[Linux-cluster] Monitoring services/customize failure criteria

Tue Sep 16 21:55:25 UTC 2008

> -----Original Message-----
> > LSB is strictly for init scripts.
> > OCF is strictly for a cluster-managed resource.
> 
> That's not quite true; OCF is a backwards-compatible extension to LSB.
> ie, a script can be a fully compliant OCF _and_ LSB script at the same
> time, and behave differently depending on how it is called, and share
> code.

Yes, a script can be compliant with both standards but that can't be
assumed.

I'm using section 4 of OCF RA API (at
http://www.opencf.org/cgi-bin/viewcvs.cgi/specs/ra/resource-agent-api.tx
t?rev=HEAD - if this is not the correct document, then please point me
to the correct one) as the basis of my comparison of LSB and OCF:

"The API tries to make it possible to have RA function both as a normal
LSB
init script and a cluster-aware RA, but this is not required
functionality."

I would interpret that to mean OCF RA scripts are not required to be
backwards-compatible with LSB. The statement "OCF is a
backwards-compatible extension to LSB" could be misleading. I think a
better statement would be "OCF allows a script to be
backwards-compatible with LSB." An OCF script would have to be
individually identified as being backwards-compatible with LSB, not OCF
RA scripts as a whole. I'm taking the safe stance and saying they're
different because of the wording in OCF RA API. If a OCF script is
compliant with LSB, then it can be used as an init script and would be
better, all around, in my opinion.

The problem, which prompted this whole discussion in the first place,
are the exit codes for 'status' and 'monitor'. As you said, LSB uses 2
different tables of codes while OCF has only one. Your original question
from Monday:

> Is it really only 0 versus non-zero for status? How does the system
> distinguish between running, failed, and cleanly stopped then? I ask
> because both LSB & OCF specify a slightly more differentiated status
> exit code.

My answer is: the wrapper script only distinguishes between zero and
non-zero exit codes from scripts. In essence, zero is success and
non-zero is failure. Since the LSB exit codes for 'status' do not map to
the exit codes for 'monitor', the /usr/share/cluster/script.sh "mashes"
it into one. The code (from Red Hat 5 Update 1) would seem to confirm
this:

=====================================
# Don't need to catch return codes; this one will work.
ocf_log info "Executing ${OCF_RESKEY_file} $1"
${OCF_RESKEY_file} $1

declare -i rv=$?
if [ $rv -ne 0 ]; then
        ocf_log err "script:$OCF_RESKEY_name: $1 of $OCF_RESKEY_file
failed (returned $rv)"
        return $OCF_ERR_GENERIC
fi
=====================================

All non-zero exit codes are mapped to the OCF generic error code of 1.

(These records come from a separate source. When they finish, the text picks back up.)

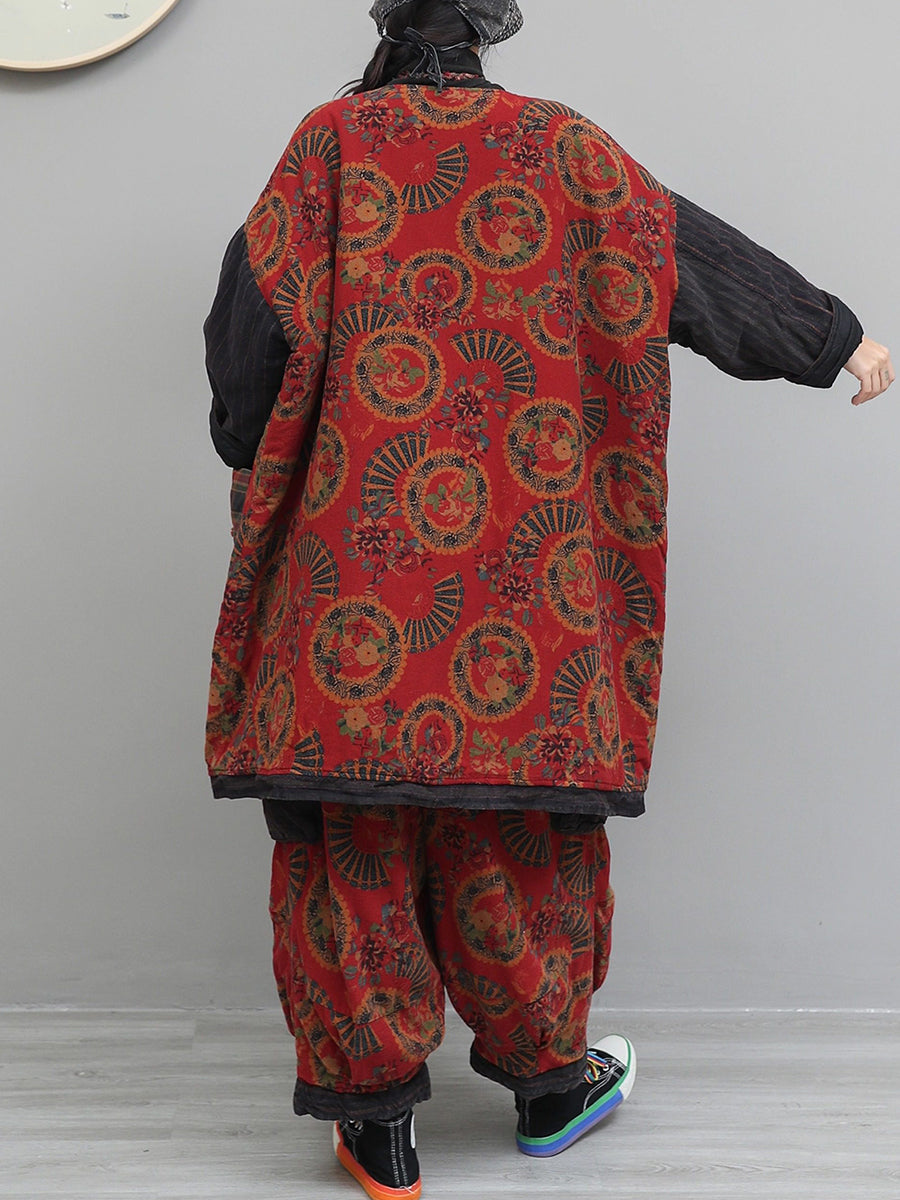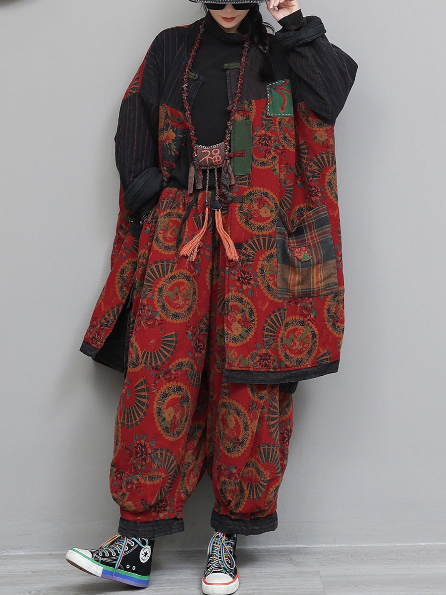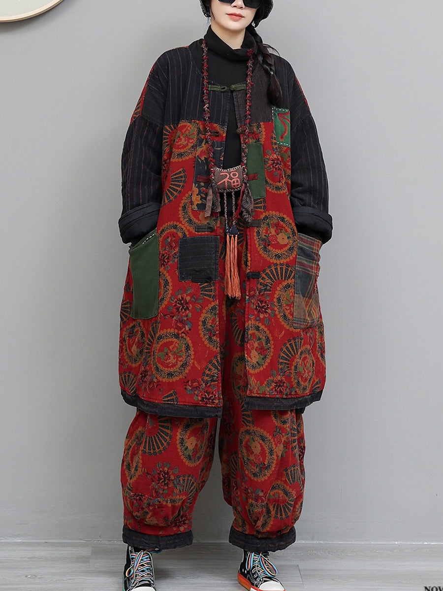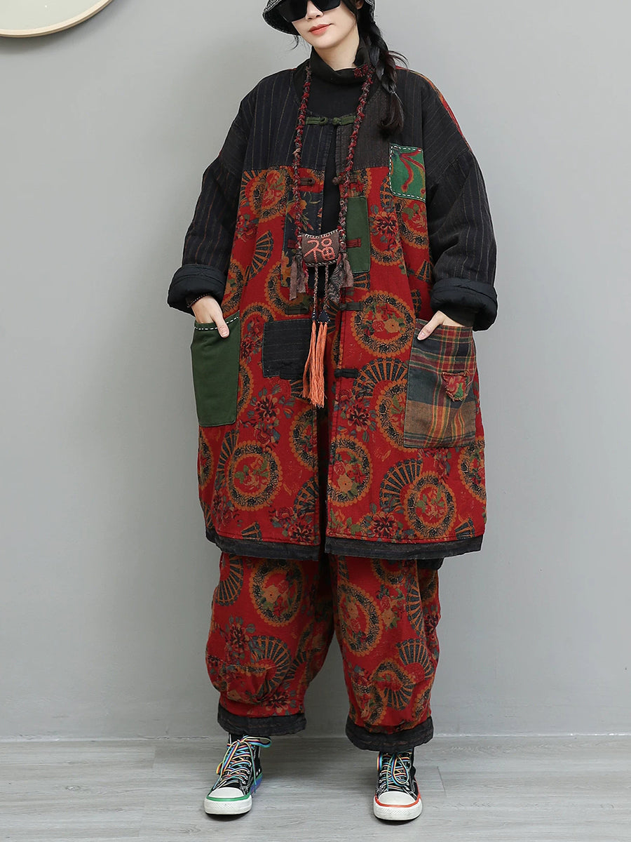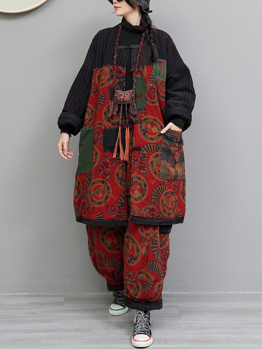 レディース 冬用 レトロ パッチワーク Oネック パッド入りスーツ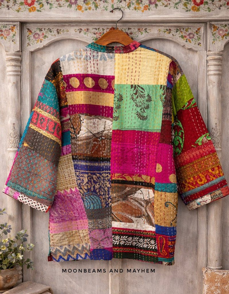 This hip-length beauty is crafted from an eclectic mix of saree patchwork, each panel whispering of celebration, dance, and tradition. No two kimonos are ever the same—the one you choose is yours alone, a wearable work of art that will never be repeated.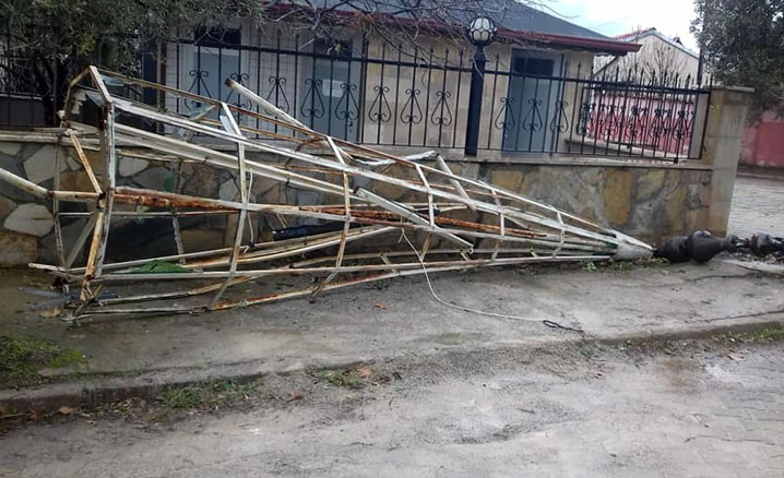 Kentte etkili olan kuvvetli rüzgâr nedeniyle iki caminin minare külahlarının yıkıldığı belirtildi.

> An LSB-compliant script doesn't need a wrapper to be made 
> OCF-compliant.
> 
> Or, well, yes, of course the calling conventions are 
> different,

That, alone, means you do need a wrapper *if* the calling program
(rgmanager, pacemaker, whatever) does not implement LSB conventions. You
can't call an LSB script with "monitor" and expect a result. If the
resource manager knows to call a script with "status" instead of
"monitor" and interpret the exit code properly, then you have a more
versatile product and don't need a wrapper script. But then the onus is
on you to track the LSB spec along with the OCF spec and handle
differences between them in your code. Rgmanager doesn't have to do that
because it expects only OCF behavior and uses a wrapper shell script to
handle LSB scripts.

> I think the disconnect here is mostly a misunderstanding of the exit
> codes for LSB "status"; it is not merely a 0 or !0 
> distinction. It also
> has "3", which means "not running (unused)". A rather important
> distinction from a failure.

Agreed. Interpreting the exit code needs to be done with prior knowledge
about the state of the service. An exit code of 3 can be either "good"
or "bad" - it depends on what state the service *should* be in. If a
service should be running, a 3 is bad. If it should not be running, a 3
is good. Unfortunately, the wrapper script for rgmanager doesn't make
such distinctions.

--Jeff
Performance Engineer

OpSource, Inc.
http://www.opsource.net
"Your Success is Our Success"